Which brings me to the named expert in Ignatius' piece, retired diplomat Ryan Crocker and his eminently transparent bullshit. An appeal to authority ought to at least give some semblance of an argument from that authority and I notice it is absent. Unless of course what he meant by throwing away a pretty good hand was Congress forbidding the authorization of doing exactly what Putin is about to do, use air strikes in Syria. He surely could not mean the use of large numbers of ground forces for that would be idiotic.

Turgidson

The unprovable lament that there was a window of opportunity in which the US could have acted in Syria to depose Assad and preempt ISIS is well-established with the neocons and even some more liberal-interventionist types. Maybe there was, but I doubt it. And I am grateful that Barack Obama, and not one of the armchair generals, has been president these recent years, and has studiously avoided entangling us there outside of some airstrikes on ISIS.

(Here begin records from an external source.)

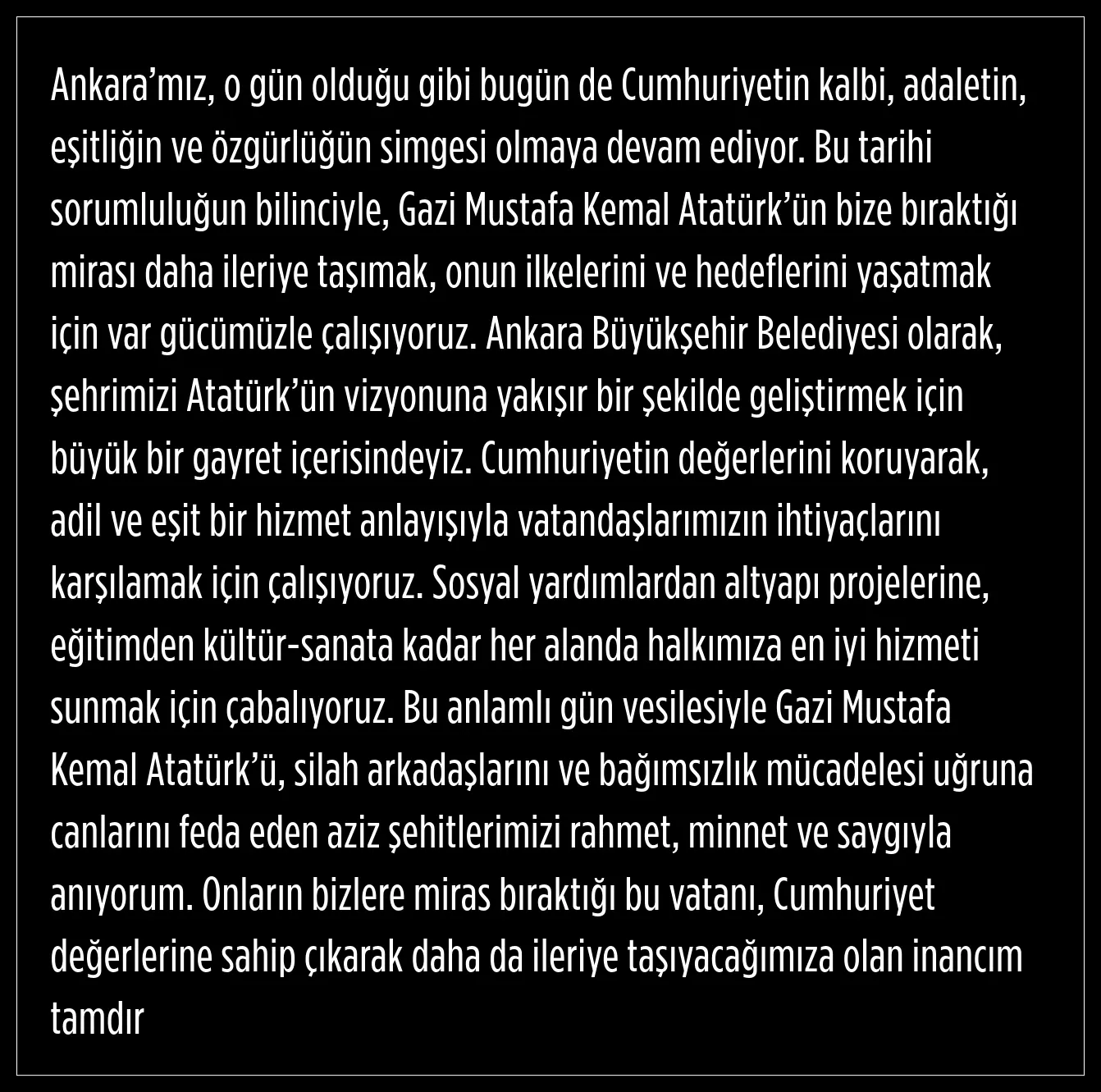 "Ankara’mız, o gün olduğu gibi bugün de Cumhuriyetin kalbi, adaletin, eşitliğin ve özgürlüğün simgesi olmaya devam ediyor" diyen ABB Başkanı, Atatürk’ün bıraktığı mirası daha ileriye taşımak, onun ilkelerini ve hedeflerini yaşatmak için var güçleriyle çalıştıklarını belirtti.
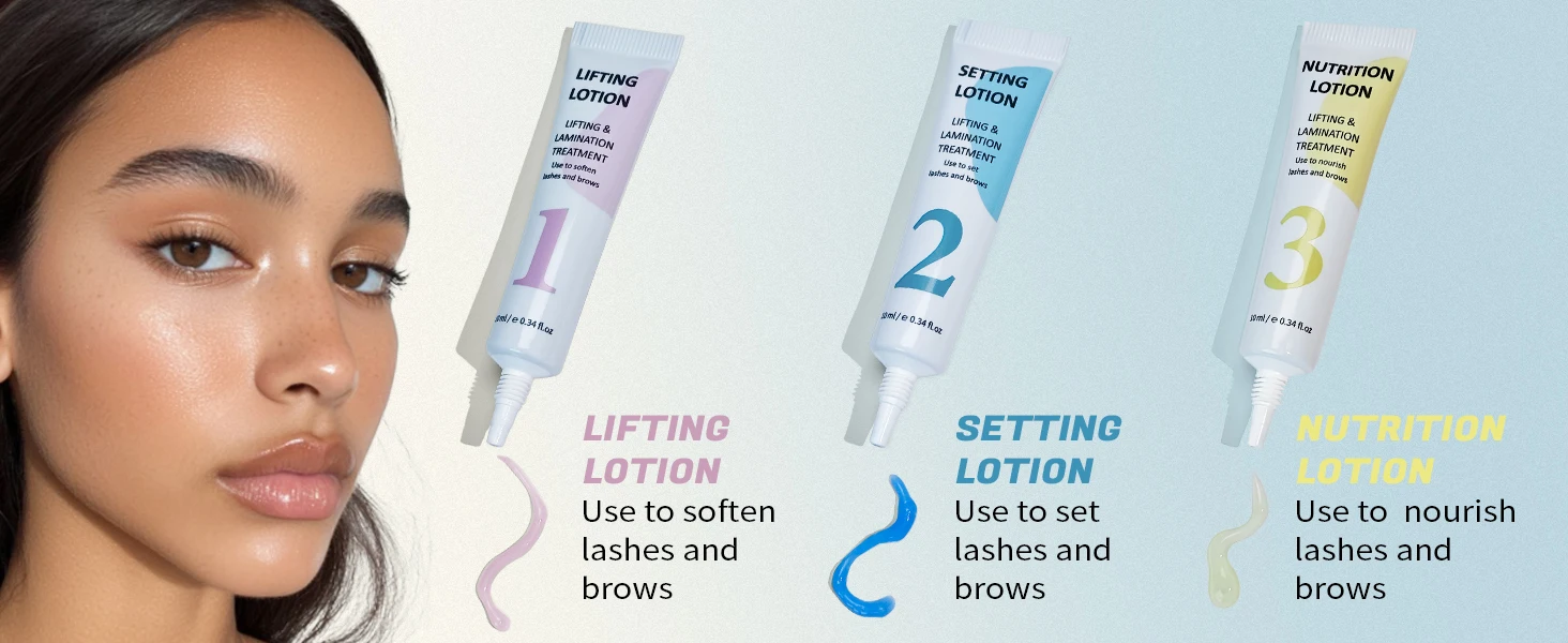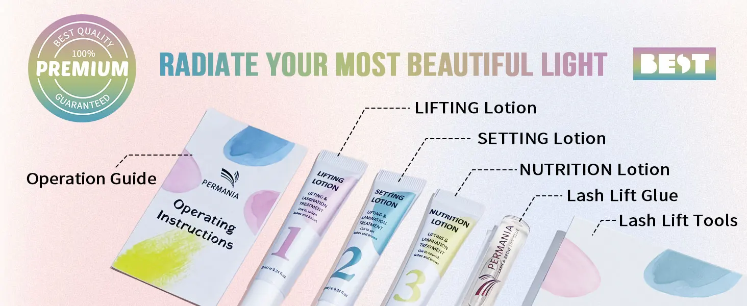 Package Include:Lifting Lotion *1 bottle 5mlSetting Lotion *1 bottle 5mlNutrition Lotion *1 bottle 5mlLash Lift Glue *1 bottle 7mlCOTTON BUD *6 piecesMASCARA BRUSH *6 piecesAPPLICATOR BRUSH *6 piecesY Comb Brush *3Clean brush*2piecesEYE PATCH *3 pairsLASH LIFT SHIELDS *10 pieceUser Manual *1 piecesHow To Use: 1. Firstly, clean up any cosmetic residue, oil on your eyes.2. Apply lash Lift glue to the silicone pads and stick it on your eyes. Then apple some glue one pads and stick your lashes on it.3. Apply LIFTING LOTION to the lashes, wait for 8-10 mins then remove it.4. Apply SETTING LOTION to the lashes, wait for 8-10 mins then remove it.5. Clean off all residue lotion and apply NUTRITION LOTION to the lashes.6. Finally, you'll get beautifully curled lashes!
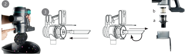- Remove the coarse filter (a) from the dust container by turning it clockwise.
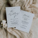 Esta delicada caligrafia negra, tudo num convite de casamento, é perfeita para um casamento moderno. A design romântica minimalista apresenta uma magnífica e elegante tipografia negra num fundo branco com um aspecto simples e limpo. Salve o papel, incluindo os detalhes na parte traseira do convite de casamento, em vez de em um cartão de cercado separado. Inclua as informações de RSVP também se seu convidado estiver respondendo eletronicamente (opcional).
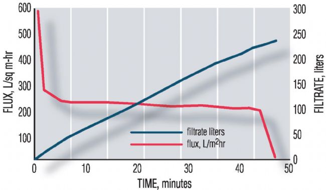 圖2. 大腸桿菌裂解液過濾通量和濾液總體積 vs. 時(shí)間
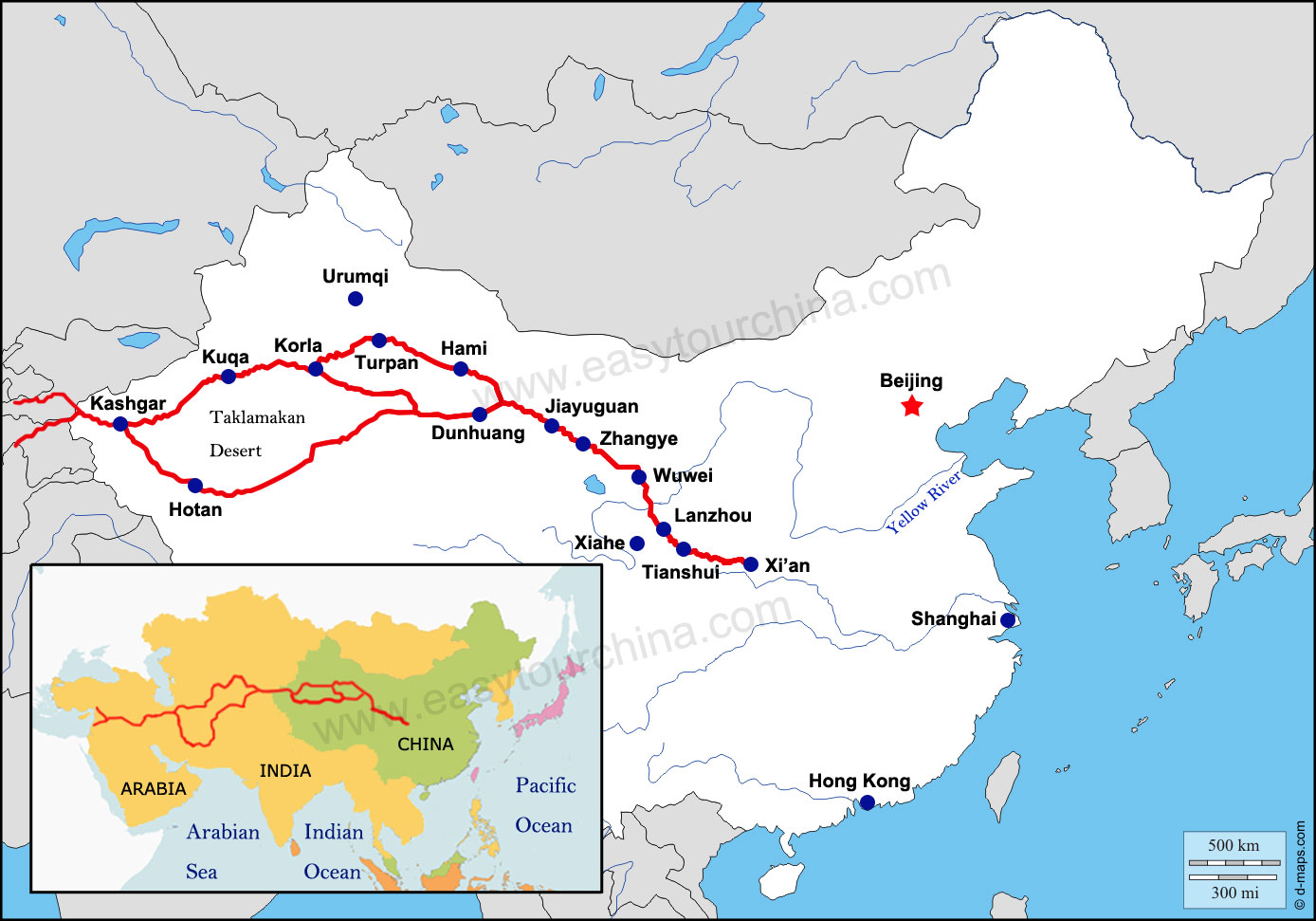 The North Route: Xian - Dunhuang - Hami - Urumqi - Yili - the former Soviet Union - the Caspian Sea and the Mediterranean Sea - Rome.
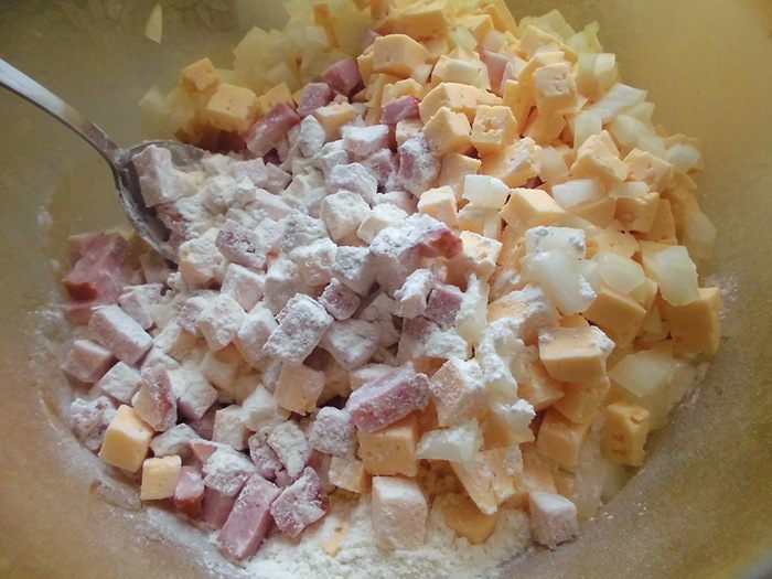 Зеленый лук вымыть, просушить и нарезать. Муку просеять вместе с разрыхлителем. Добавить нарезанную грудинку, сыр и лук. Тщательно перемешать.
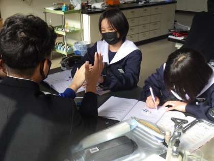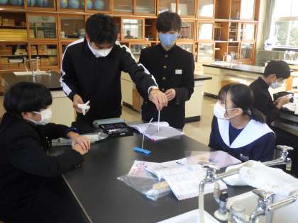 ストローを使った静電気の実験です。静電気をためるため、必死にストローをこすっていきます。同じ方法でもストロー同士が引っ付くパターンと離れていくパターンの2通りの結果に分かれていました。ある生徒がつぶやいた「どうして?」の解明に、必死の取り組んでいました。
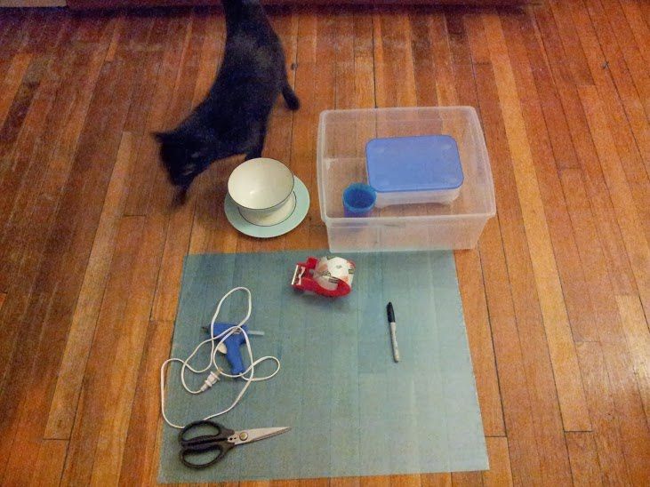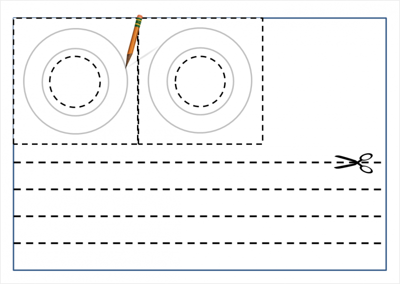 Roll up two cylinders from strips of 5 cm in width and fasten the ends together. Make sure you get the proper circle. Couple the plastic pieces using the adhesive tape. Glue the small cylinder to the support plate using the hot glue gun. The adhesive tape will secure it in the proper place until the glue hardens. Then, remove the strip and completely seal all seams.
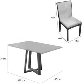 Conjunto completo para sala de jantar ou cozinha, com mesa retangular 160x90cm, tampo com vidro e 6 cadeiras estofadas em linho.
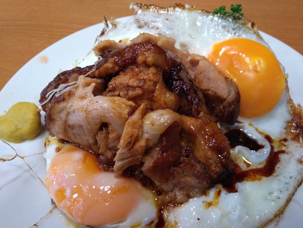 とんかつ屋で大人気曜日限定チャーシューエッグ。
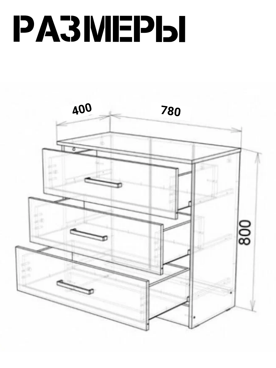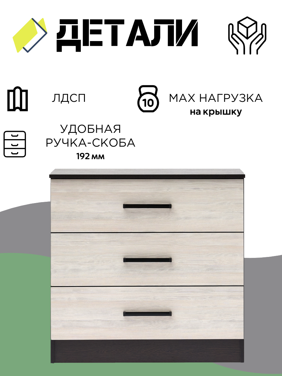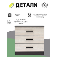 Комод оснащен тремя выдвижными ящиками, максимальная нагрузка на каждый из которых составляет 7 кг. Это обеспечивает удобное и безопасное хранение различных предметов.
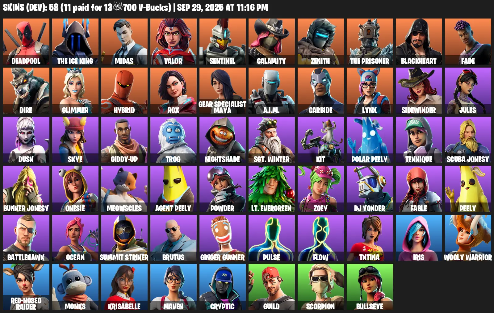 [PC/XBOX/PSN] 58 Skins | Deadpool | The Ice King | Midas | Valor | Sentinel | Calamity | Zenith | The Prisoner | Blackheart | Fade | Dire | Glimmer | Hybrid | Rox | Gear Specialist Maya | A.I.M. | Carbide | Lynx | Sidewinder | Jules | Dusk | Skye
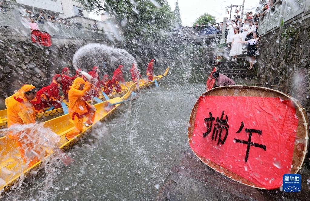 6月3日,在浙江省湖州市德清县下渚湖街道塘泾村,村民用船桨将河水泼向写有“端午”字样的蚕匾,祈求风调雨顺、国泰民安,龙舟泼水是塘泾村的传统习俗。
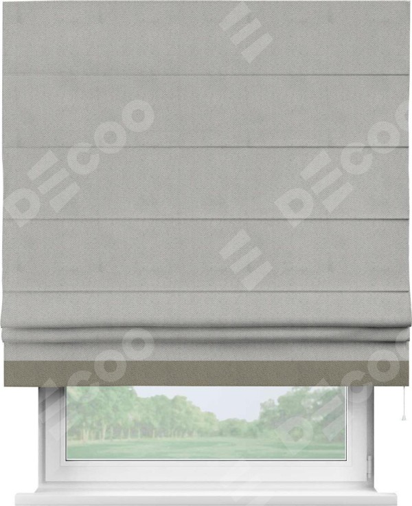 Римская штора производителя «Cortin», используется для проёма, пошита из ткани блэкаут с блеском тёмно-серый, артикул 34634. Отделка шторы кантом «Джестер», ткань для канта используется из блэкаута с блеском разной расцветки на выбор. Изнаночная сторона материала черного цвета, что обеспечивает необходимую светонепроницаемость. Имеет универсальный механизм и подходит для монтажа: на потолок, на стену и в нишу.
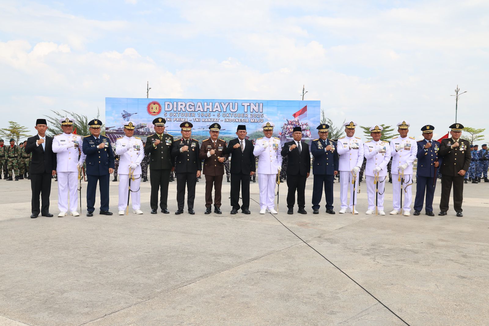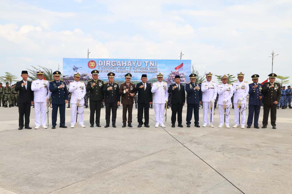 DISKOMINFO KEPRI – Gubernur Provinsi Kepulauan Riau H. Ansar Ahmad menghadiri upacara peringatan Hari Ulang Tahun ke-80 Tentara Nasional Indonesia (TNI) yang digelar di Laman Gurindam XII, Tugu Sirih, Tanjungpinang, Minggu (5/10).
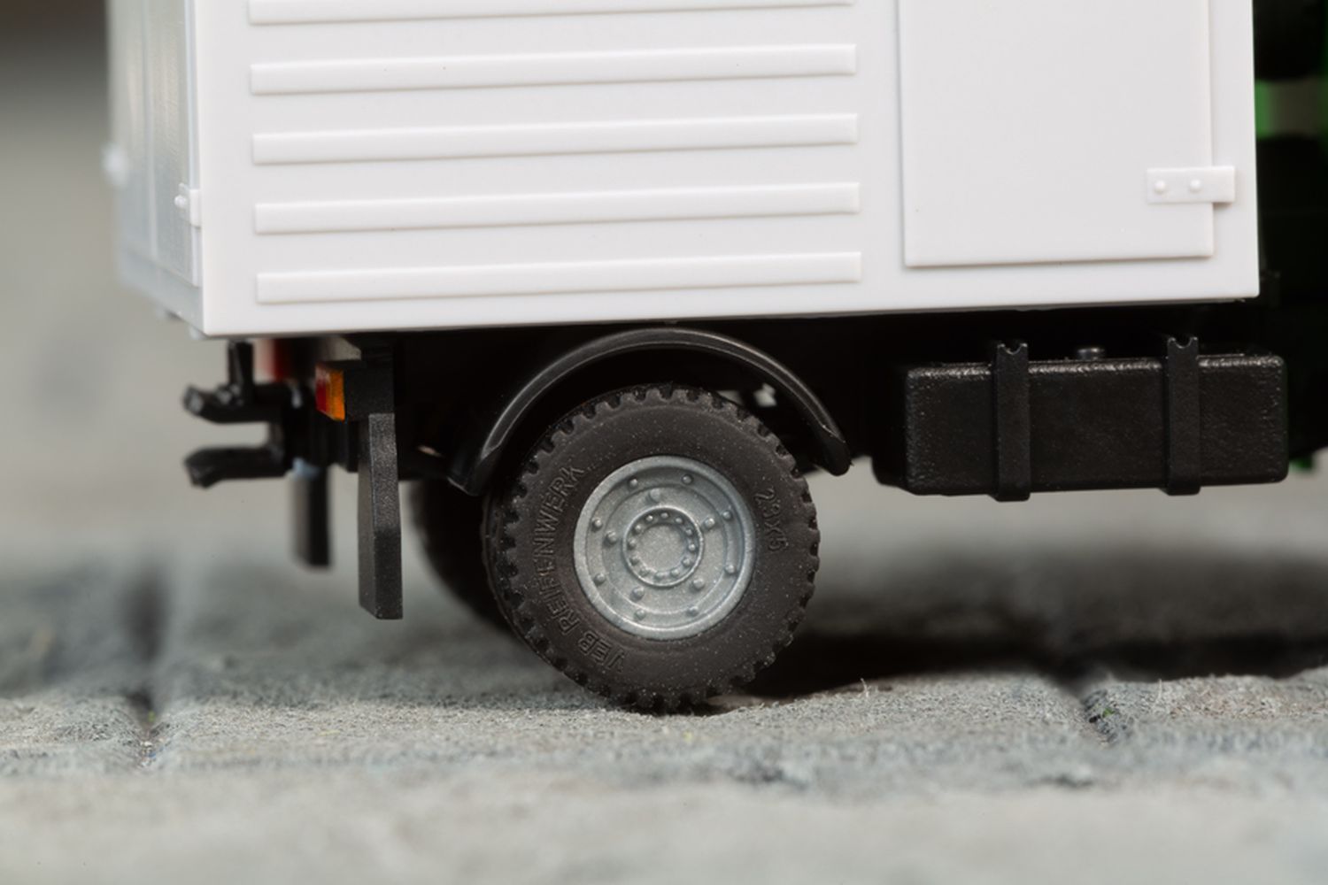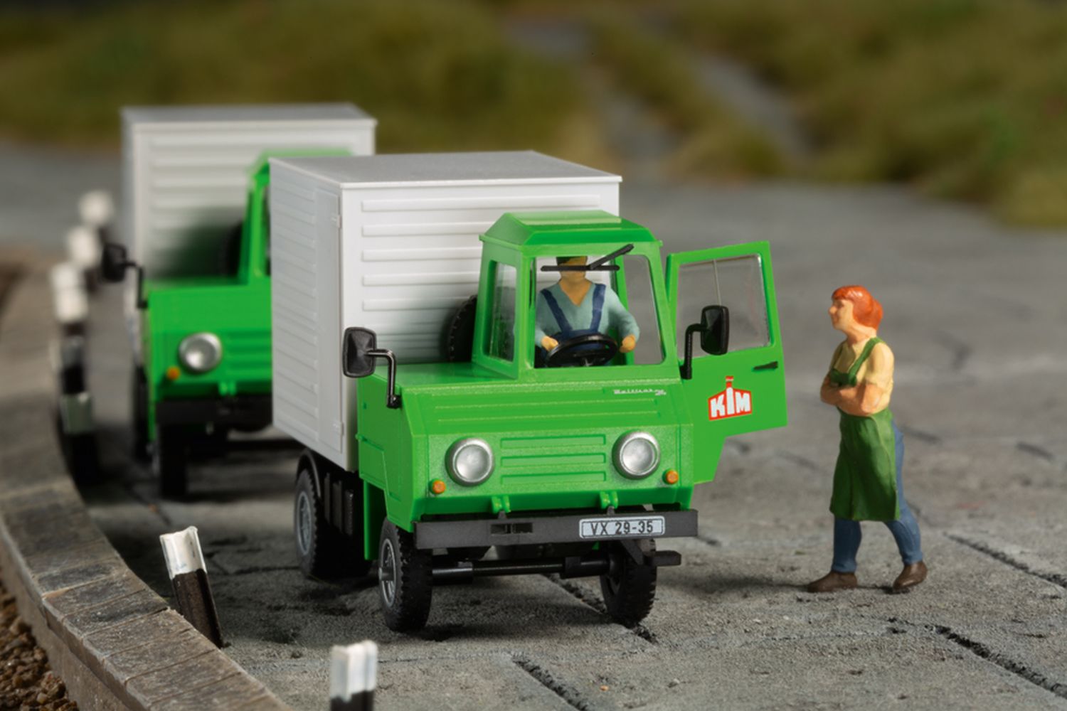 44 x 24 x 27 mm - Bausatz. Fein detailliertes Modell des Multicar M24. Mit Kofferaufbau ist das maßstäbliche Fahrzeug für das "Kombinat Industrielle Mast" (KIM) unterwegs. Das Logo sowie die Lampenzierringe, die Rückleuchten, die Türgriffe und die Kennzeichen sind aufwendig mehrfach bedruckt. Offen darstellbare Türen, eine Motorattrappe, vorbildgerechte beschriftete Bereifung auf korrekt nachgebildeten Felgen und Rollfähigkeit zeichnen das komplett neu konstruierte Modellfahrzeug aus. Die Achswellen sind aus geschwärztem Stahl. Ein Druckbogen mit alternativen Kennzeichen liegt bei. Inklusive sitzender Figur.

He gets zero credit for it, but his move to throw the decision to bomb Assad over chemical weapons back to the GOP congress was excellent. Turn the GOP's knee-jerk obstructionism to his advantage for once, and let them prevent him from doing something he clearly didn't want to do anyway. And his willingness to work with the Russians to dispose of those weapons without military action was equally so.

If Putin wants to strut into Syria and fix things, my view is he's welcome to try. If he succeeds, maybe Syria's condition actually improves (though Assad would remain, which is tragic). If he fails, he'll bog Russia down in its own Mesopotamian quagmire and weaken his freedom to cause mischief in other venues. Either of those outcomes holds advantages for us.